Description of the task
Write out every line below again exactly as it stands, skipping each image.

Source data
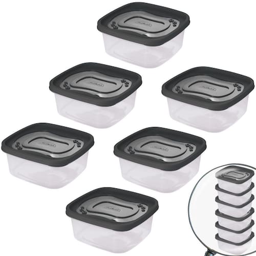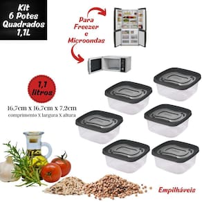 Conjunto com 6 potes plásticos quadrados com tampa. Têm capacidade para 1,1 litros. São produzidos em polipropileno de alta resistência e durabilidade e material atóxico livre de bisfenol (BPA Free). Podem ser levados ao freezer e micro-ondas.
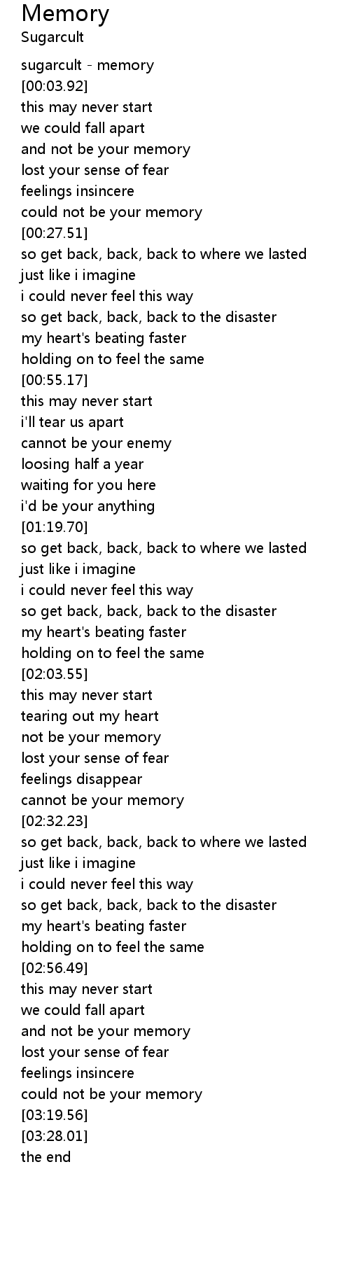 sugarcult - memory |
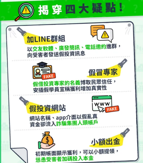 現在經濟不好,大多數人賺不到什麼錢,這個時候詐騙集團假投資就冒出來了,以低投資高回報低風險吸引民眾投資,很多人為了錢會失去頭腦,相信詐騙集團的話,跟著盲目投資,不止賠了自己僅有的存款,甚至被詐騙集團洗腦去銀行貸款,讓你的後半生也不會好過 通常他們會假扮漂亮女生或者高富帥男生,每天和你聊天給你分享好康資訊,還有他她的美好生活,讓你羨慕,漸漸的你也放下防備覺得投資也算不錯,記住這隻是開始,等你小賺的時候並成功把錢提出來一部分後,你就會肆無忌憚的加大投資,因為你急與賺錢,這個時候你就上鉤了,等你加大投資後假的投資平台會以你操作不當或者賬戶問題對你進行凍結,導致賬戶登陸不進,你會真的以為是自己的關係 接下來才是讓你痛不欲生的重點,為了拿回你自己的錢還有賺來的錢,平台會要求你一直入金 每一步都是精心設計好的,讓你完全陷進去想出也出不來,進退兩難,只能硬著透氣去銀行信貸,直到榨幹你沒有一點價值,詐騙集團才會離你而去,這個時候你什麼都沒有了,一個假的賬戶也登錄不進去,因為都是詐騙後台掌握,他們可以隨便改變你的數字,隨便改動你的賬密,讓你真的以為這就是真的 還有另外一種詐騙就是所謂的老師帶你買股票,剛開始給你推薦的股票還算可以,還能賺錢,等你們把錢投資的差不多的時候,再推薦其餘的股票,其實也就是仙股啦,直接會暴跌,讓你們投資進去的錢血本無歸,然後還要在賴群組演戲給你看,還有各種詐騙的演員和老師演一場戲給受害人看,說再帶你買其餘的股票一定可以賺回來,這些都是有話術的,千萬不要被這些詐騙集團的套路和演戲騙到 天上永遠不會掉餡餅,而且也砸不到人,更不會有陌生人突然關心你帶你賺錢,都是假的
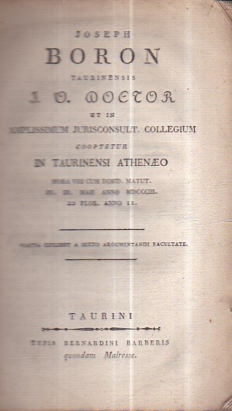 Joseph Boron taurinensis J. Doctor ut in amplissimum Jurisconsult. Collegium cooptetur in Taurinensi Athenaeo hora VIII cum dimid, matut. IV id. Maii anno MDCCCIII 22 Flor. anno II

Response to the exercise
 Conjunto com 6 potes plásticos quadrados com tampa. Têm capacidade para 1,1 litros. São produzidos em polipropileno de alta resistência e durabilidade e material atóxico livre de bisfenol (BPA Free). Podem ser levados ao freezer e micro-ondas.
 sugarcult - memory |
 現在經濟不好,大多數人賺不到什麼錢,這個時候詐騙集團假投資就冒出來了,以低投資高回報低風險吸引民眾投資,很多人為了錢會失去頭腦,相信詐騙集團的話,跟著盲目投資,不止賠了自己僅有的存款,甚至被詐騙集團洗腦去銀行貸款,讓你的後半生也不會好過 通常他們會假扮漂亮女生或者高富帥男生,每天和你聊天給你分享好康資訊,還有他她的美好生活,讓你羨慕,漸漸的你也放下防備覺得投資也算不錯,記住這隻是開始,等你小賺的時候並成功把錢提出來一部分後,你就會肆無忌憚的加大投資,因為你急與賺錢,這個時候你就上鉤了,等你加大投資後假的投資平台會以你操作不當或者賬戶問題對你進行凍結,導致賬戶登陸不進,你會真的以為是自己的關係 接下來才是讓你痛不欲生的重點,為了拿回你自己的錢還有賺來的錢,平台會要求你一直入金 每一步都是精心設計好的,讓你完全陷進去想出也出不來,進退兩難,只能硬著透氣去銀行信貸,直到榨幹你沒有一點價值,詐騙集團才會離你而去,這個時候你什麼都沒有了,一個假的賬戶也登錄不進去,因為都是詐騙後台掌握,他們可以隨便改變你的數字,隨便改動你的賬密,讓你真的以為這就是真的 還有另外一種詐騙就是所謂的老師帶你買股票,剛開始給你推薦的股票還算可以,還能賺錢,等你們把錢投資的差不多的時候,再推薦其餘的股票,其實也就是仙股啦,直接會暴跌,讓你們投資進去的錢血本無歸,然後還要在賴群組演戲給你看,還有各種詐騙的演員和老師演一場戲給受害人看,說再帶你買其餘的股票一定可以賺回來,這些都是有話術的,千萬不要被這些詐騙集團的套路和演戲騙到 天上永遠不會掉餡餅,而且也砸不到人,更不會有陌生人突然關心你帶你賺錢,都是假的
 Joseph Boron taurinensis J. Doctor ut in amplissimum Jurisconsult. Collegium cooptetur in Taurinensi Athenaeo hora VIII cum dimid, matut. IV id. Maii anno MDCCCIII 22 Flor. anno II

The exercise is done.